WHAT YOU HAVE TO DO =
With pictures omitted, restate the data word for word.

BEGIN INPUT DATA

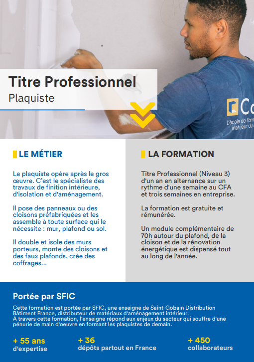 Une certification reconnue au niveau national sur le métier de plaquiste/plafiste
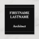 Este cartão de visita apresenta um nome, profissão e contatos que podem ser personalizados. Pode ser utilizado por um profissional de design de construção, como um arquiteto, especialista em decoração de interiores, decorador de interiores ou especialista em decoração de interiores.
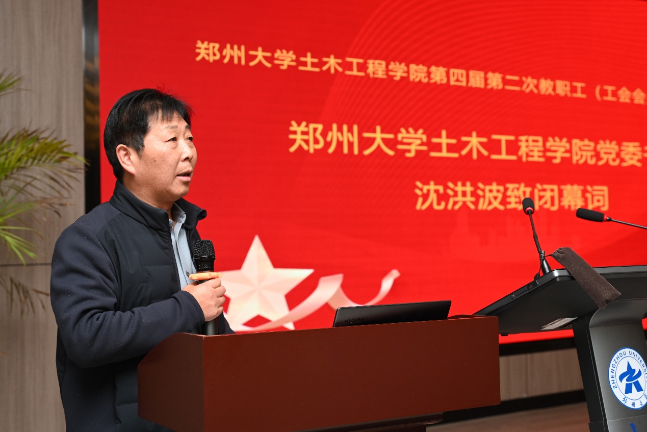 最后,土木工程学院党委书记沈洪波同志致闭幕词。沈书记对大会的顺利召开表示祝贺,对全体教职工长期以来的辛勤付出表示衷心感谢,并对学院未来发展提出了殷切期望和明确要求。他强调,全院教职工要进一步增强责任意识和主人翁意识,凝心聚力、真抓实干,共同推动学院各项事业高质量发展。
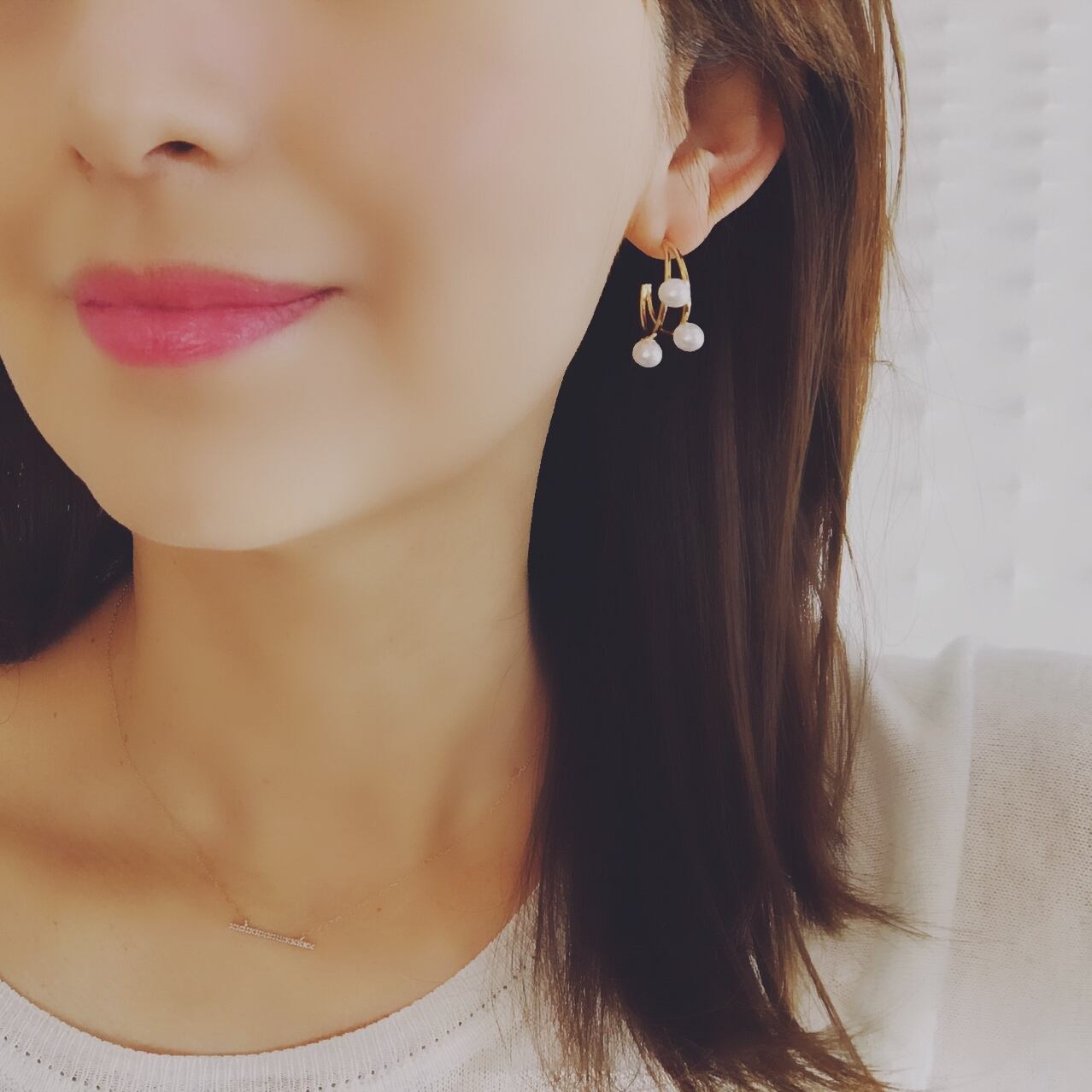 デザインゴールドのCカールデザインピアス。 360度どこから見ても違った表情で楽しめます。 3つのパールが華やかさをプラス。どんなスタイルにもマッチします。

END INPUT DATA

FINISHED TASK =
 Une certification reconnue au niveau national sur le métier de plaquiste/plafiste
 Este cartão de visita apresenta um nome, profissão e contatos que podem ser personalizados. Pode ser utilizado por um profissional de design de construção, como um arquiteto, especialista em decoração de interiores, decorador de interiores ou especialista em decoração de interiores.
 最后,土木工程学院党委书记沈洪波同志致闭幕词。沈书记对大会的顺利召开表示祝贺,对全体教职工长期以来的辛勤付出表示衷心感谢,并对学院未来发展提出了殷切期望和明确要求。他强调,全院教职工要进一步增强责任意识和主人翁意识,凝心聚力、真抓实干,共同推动学院各项事业高质量发展。
 デザインゴールドのCカールデザインピアス。 360度どこから見ても違った表情で楽しめます。 3つのパールが華やかさをプラス。どんなスタイルにもマッチします。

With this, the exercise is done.